День и час — страница 9 из 106

Ладони у них даже под пуховыми рукавичками, даже через шинельную драп-дерюгу твердые. Определенные. Средоточие нежности и — работы.

Солдаты шагают к танцплощадке строем, ткачихи летят к танцплощадке стаей.

«Чья-то светлая голова…» Забыл: чья? Позже, когда уже служил в политотделе, случайно на одном совещании узнал, догадался, к т о  на свой страх и риск распорядился строительство жилого офицерского городка начать с сооружения танцплощадки. Совещание было значительным, специально на него прибыл генерал из Москвы.

Приезжий генерал держал на совещании строгую генеральскую речь, в которой помянул между прочим и о том, что отпущенные на оборону Родины народные средства надо использовать только на предусмотренное дело, а не разбазаривать на сомнительные объекты, вроде всяких там танцулек — «как то было в прошлом году в вашем же управлении инженерных работ, когда некоторые присутствующие здесь товарищи допустили использование служебного положения и вмешательство в сферы, выходящие за пределы их компетенции. Забыли, что они всего лишь политработники, а не строевые командиры, принимающие единоначальные решения, да и то в пределах четко очерченного круга служебных полномочий».

При этом, оторвавшись от бумажки, генерал быстро, косвенно, но вполне определенно взглянул на сидевшего неподалеку от него, в президиуме же, подполковника Муртагина. Тогда-то ты и догадался, кому обязан своим появлением на свет «объект», функционирующий в Красных Сосенках. Чьей голове — темной, темноволосой, крепко сидящей на плечах голове подполковника Муртагина.

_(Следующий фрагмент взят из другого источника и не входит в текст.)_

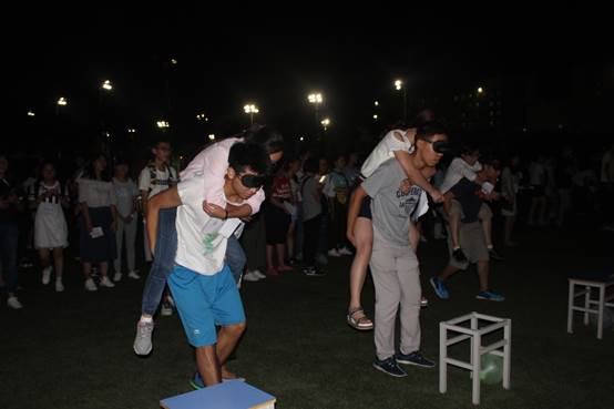 按照规则,16级新生同学共分为“你”、“我”、“有”、“缘”、“相”、“聚”、“在”、“中”、“财”、“政”、“管”十一个小组,在班级助理、“芮+”导师和15级同学带领下进行游戏和互动。在小组活动环节,组内成员在领到各自名牌后首先进行了自我介绍。紧接着的传递记名游戏使同学之间更加熟悉,现场气氛也更加融洽。而后进行的“一块钱两块钱”、“报数”、“虎克船长”等游戏将活动推向高潮。输了游戏的同学接受各种各样的惩罚,唱歌、跳舞、真心话、大冒险…在亲密的互动和交流中,同学之间的距离感不复存在,他们一同欢笑,其乐融融。小组活动之后,十一个队伍又进行了“你画我猜”、“瞎子背瘸子”的游戏比赛,队员们相互合作,都想努力为自己的队伍赢得奖励。夜幕悄然降临,此次破冰活动也在一片欢声笑语中结束。此刻,输赢已不那么重要,而同学们能够在游戏中互相熟识与了解才是这次活动的真正意义。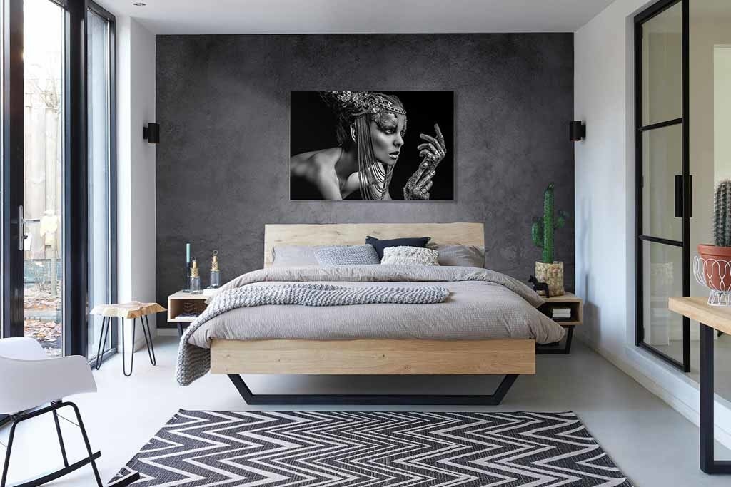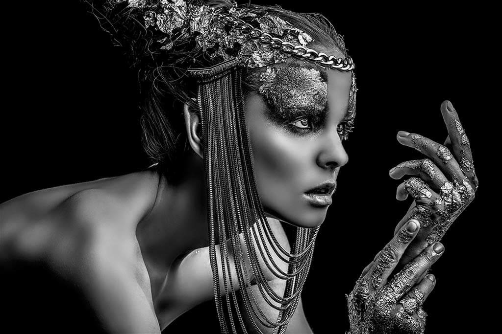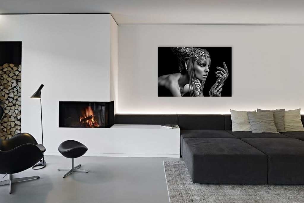 Besonderes Schwarz-Weiß-Porträt einer Frau. Die Frau hat etwas Königliches, was wahrscheinlich an ihrem Kopfschmuck und Make-up liegt. Die Tatsache, dass sie nichts anderes trägt, macht das Bild noch interessanter. Befindet sich deutlich über dem Bett im Schlafzimmer. Schön zu kombinieren mit anderen Porträts.

А что — голова ничего. «Еду-еду — не свищу, как наеду — не спущу…» А она даже бровью не повела. Как сидела себе, так и сидит, чертит что-то в записной книжечке. Конспектирует?

Стройка в Сосенках продолжается, домов все прибавляется и прибавляется. Они отстоят на приличном расстоянии друг от друга, и сооружают их, стараясь не повредить деревья. Сохранить сосенки. Люди как бы заселяют Сосенки, вьют среди них гнезда. Зато сбереженные красавицы сосны придают в общем-то унылым блочным пятиэтажкам хоть какое-то своеобразие. Офицеры, населяющие пятиэтажки, молоды, дворы полны детворы, и это еще более усиливает ощущение гнездовья.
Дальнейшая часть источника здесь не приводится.